Exercise description: Find the line containing "日本ミニマム級王者の高田のV" in the entries below. Restate it and each line after it, word for word, up to and including the line containing "国风翻领毛衣女童儿童毛衫春秋装小童宝宝针织衫上衣童装甜美花边 630021".
+++ Data shown +++
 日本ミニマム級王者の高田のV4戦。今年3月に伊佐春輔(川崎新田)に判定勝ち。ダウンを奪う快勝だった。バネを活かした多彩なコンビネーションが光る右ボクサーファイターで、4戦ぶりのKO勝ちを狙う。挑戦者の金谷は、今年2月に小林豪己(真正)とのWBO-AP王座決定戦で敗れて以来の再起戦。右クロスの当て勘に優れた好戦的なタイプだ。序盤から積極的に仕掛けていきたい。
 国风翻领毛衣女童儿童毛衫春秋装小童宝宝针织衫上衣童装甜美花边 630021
+++
+++ Data shown +++
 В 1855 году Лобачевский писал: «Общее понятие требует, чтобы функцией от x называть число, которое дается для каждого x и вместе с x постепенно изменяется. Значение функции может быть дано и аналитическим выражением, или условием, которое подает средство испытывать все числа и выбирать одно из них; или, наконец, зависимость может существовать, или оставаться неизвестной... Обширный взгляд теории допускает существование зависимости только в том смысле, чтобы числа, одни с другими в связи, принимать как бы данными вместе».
+++
Task result:
 日本ミニマム級王者の高田のV4戦。今年3月に伊佐春輔(川崎新田)に判定勝ち。ダウンを奪う快勝だった。バネを活かした多彩なコンビネーションが光る右ボクサーファイターで、4戦ぶりのKO勝ちを狙う。挑戦者の金谷は、今年2月に小林豪己(真正)とのWBO-AP王座決定戦で敗れて以来の再起戦。右クロスの当て勘に優れた好戦的なタイプだ。序盤から積極的に仕掛けていきたい。
 国风翻领毛衣女童儿童毛衫春秋装小童宝宝针织衫上衣童装甜美花边 630021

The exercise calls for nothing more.